The new McNider et al 2012 paper, documents in detail why an increase of minimum temperature over time can occur due to changes in vertical turbulent mixing of heat, even without any change in temperatures elsewhere in the troposphere.
In terms of global warming, as reported before on this weblog; see
where we wrote
The global average surface temperature anomalies are computed by the formula
ΔT (global average) = ΔT(ocean average) times fraction of the globe covered by ocean + ΔT (land average) times the fraction of the globe covered by land (including regions with ice sheets).
The value of ΔT (land average) is computed by
ΔT (land average) = ∑ Δ [Tmax + Tmin]/2
where Δ [Tmax + Tmin]/2 is the mean temperature anomaly, such as used in the BEST study, and by NCDC, CRU and GISS; focused on 2m above the surface ……”
ΔTmin = ΔTmin (a spatially representative temperature trend from “global warming” or “global cooling”) + ΔTmin (a local change due to changes in vertical mixing in the lowest levels of the atmosphere) + ΔTmin (due to other local effects usch as station siting – Fall et al 2011; see also Pielke st al 2007).

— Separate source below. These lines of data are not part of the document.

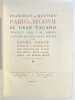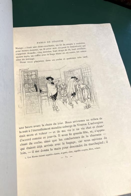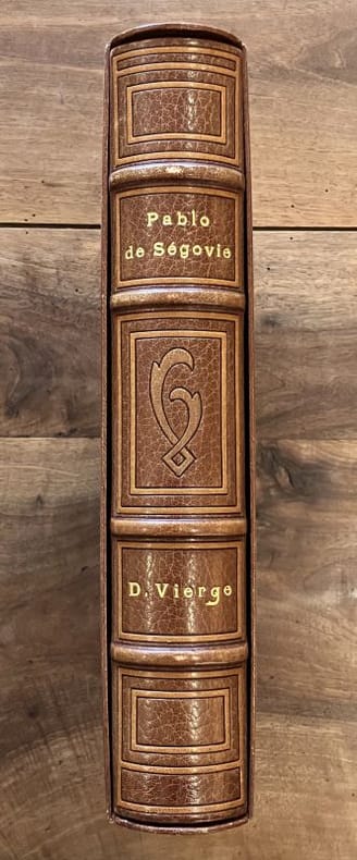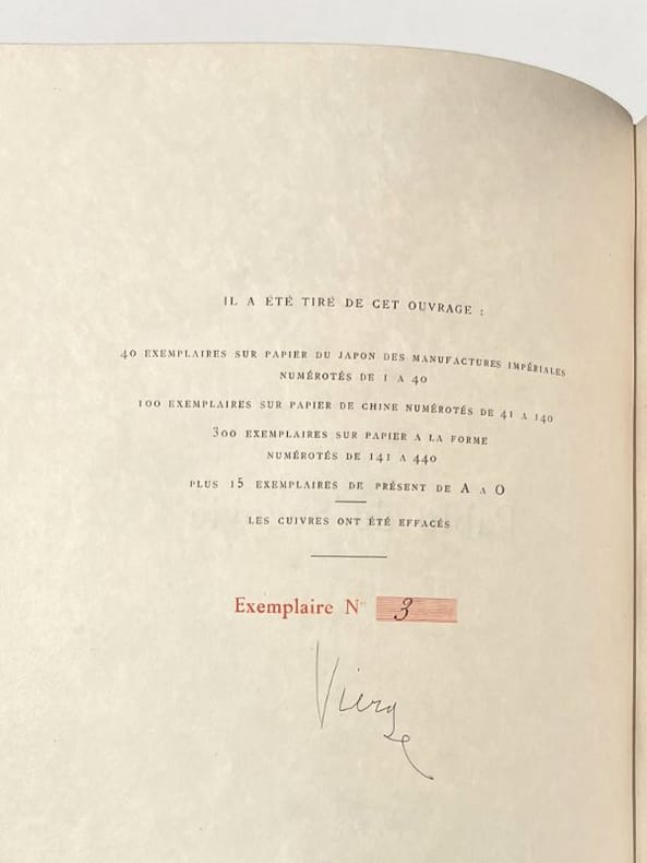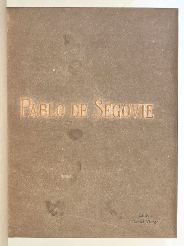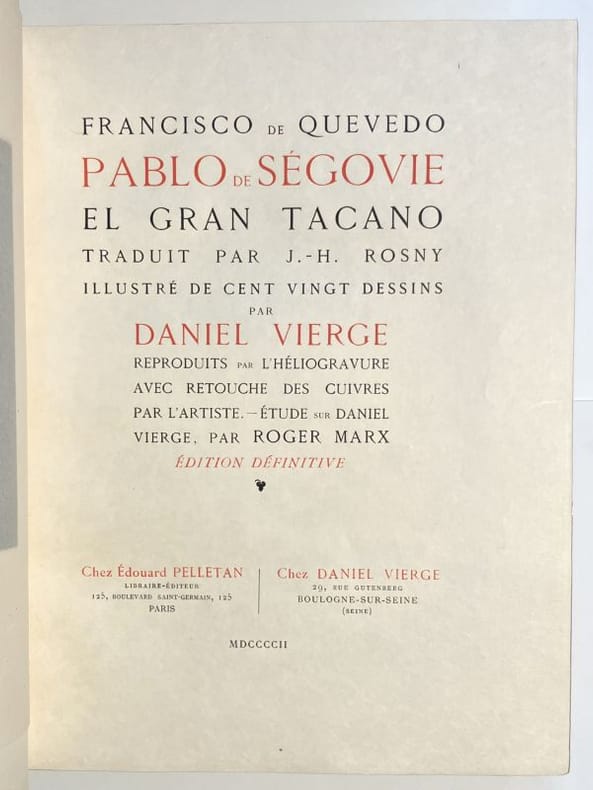 Édition de luxe, ornée de 120 dessins du peintre espagnol Daniel Vierge (1851-1904) reproduits en héliogravure sur cuivre avec des retouches de l'artiste, dont un portrait-frontispice et 3 hors-texte. La préface de Roger Marx, qui constitue une importante étude sur l'artiste, paraît ici pour la première fois. Publié en 1626 sous le titre La Vie de l'aventurier don Pablos de Ségovie, vagabond exemplaire et miroir des filous, le roman picaresque de Quevedo (1580-1645) narre les mésaventures d’un « vaurien » se débattant dans un univers grotesque et impitoyable. Tirage à 445 exemplaires numérotés. EXEMPLAIRE DESCAMPS-SCRIVE ET PETIET, en maroquin doublé et décoré de Marius Michel. C'est l'un des 40 exemplaires de tête sur Japon (n° 3), contenant une aquarelle originale en couleurs, signée par l'artiste, une suite de toutes les compositions sur Chine avant la lettre ainsi qu'une suite de 4 illustrations inédites, en 3 états sur Japon et sur Chine (eau-forte pure, avant la lettre avec remarque et avant la lettre avec le nom des artistes à la pointe). Le volume porte l'ex-libris doré sur cuir de René Descamps-Scrive (1853-1924), l'un des plus importants bibliophiles du tournant-de-siècle. On le retrouve ensuite dans la fastueuse bibliothèque de Henri M. Petiet (cat. VIII, 1997, n° 191, sans marque de provenance), qui avait perpétué la tradition des Beraldi, Barthou et Descamps-Scrive. SUPERBE RELIURE MOSAÏQUÉE DE MARIUS MICHEL. Le décor floral qui orne les doublures est typique de son apport dans le domaine de la reliure ornementale. Dos éclairci, couverture légèrement tachée.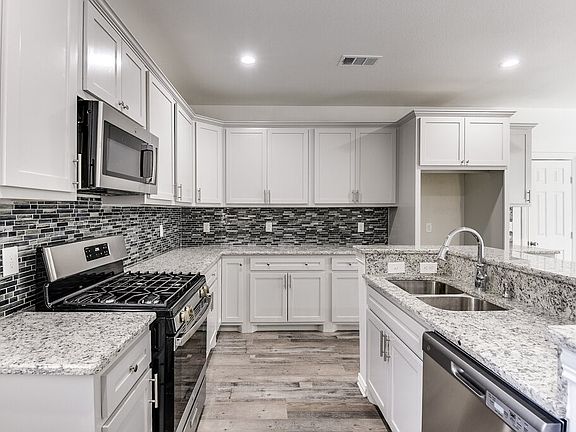 Neutral paintGranite countersStone backsplashTray ceilingsGated drivewayDecorative lightingOpen concept living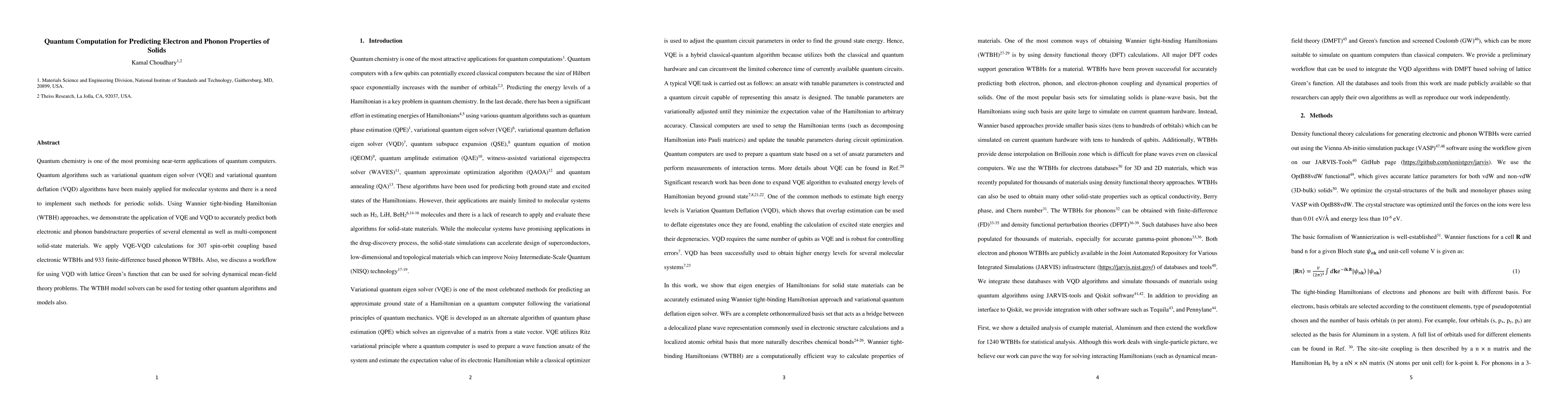 Quantum chemistry is one of the most promising near-term applications of quantum computers. Quantum algorithms such as variational quantum eigen solver (VQE) and variational quantum deflation (VQD) algorithms have been mainly applied for molecular systems and there is a need to implement such methods for periodic solids. Using Wannier tight-binding Hamiltonian (WTBH) approaches, we demonstrate the application of VQE and VQD to accurately predict both electronic and phonon bandstructure properties of several elemental as well as multi-component solid-state materials. We apply VQE-VQD calculations for 307 spin-orbit coupling based electronic WTBHs and 933 finite-difference based phonon WTBHs. Also, we discuss a workflow for using VQD with lattice Greens function that can be used for solving dynamical mean-field theory problems. The WTBH model solvers can be used for testing other quantum algorithms and models also.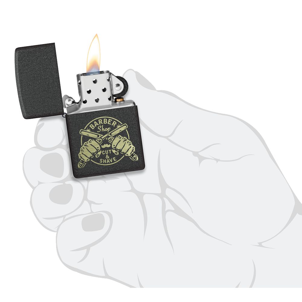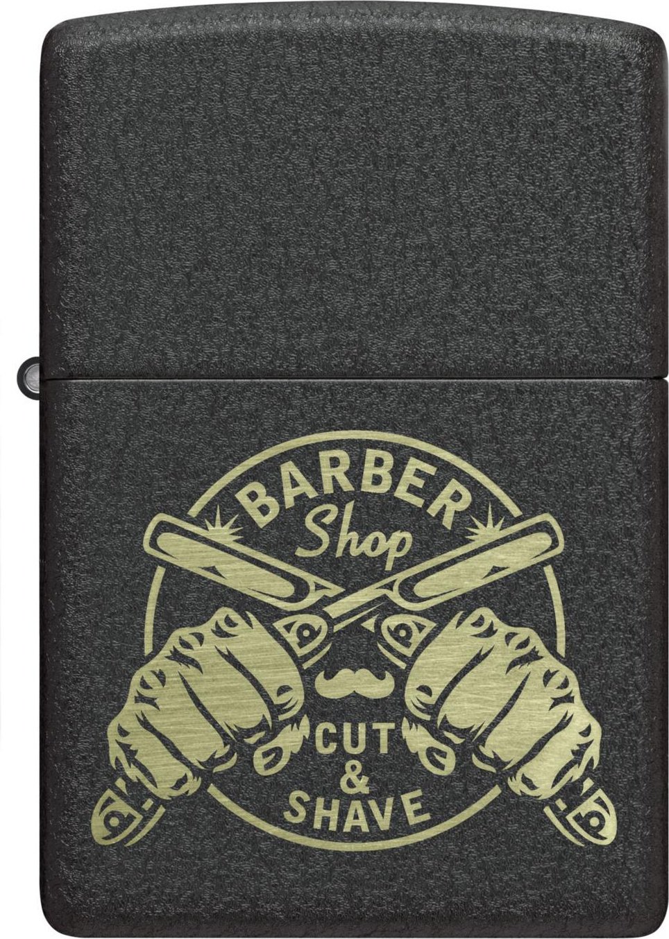 Deze Zippo heeft een Zwarte "Crackle" afwerking met aan de voorzijde een opdruk van een Kapperszaak-logo.

It is important to note that ΔTmin (a local change due to changes in vertical mixing in the lowest levels of the atmosphere) can occur even in pristine locations due to changes in long wave cooling at night (from alterations in cloudiness, water vapor and/or CO2).
In terms of an order of estimate of this bias (e.g. see Klotzbach et al 2012a), it is on the order of a tenths of a degree Celcius per decade warm bias in the land analyses reported by in the NCDC, GISS, CRU and BEST data.
In other words, the magnitude of multi-decadal land temperature trends, as a diagnostic of global warming, as reported by NCDC, GISS, CRU and BEST for the last several decades is significantly overstated. This organizations are miscommunicating the complete explanation for observed surface temperature trends over land.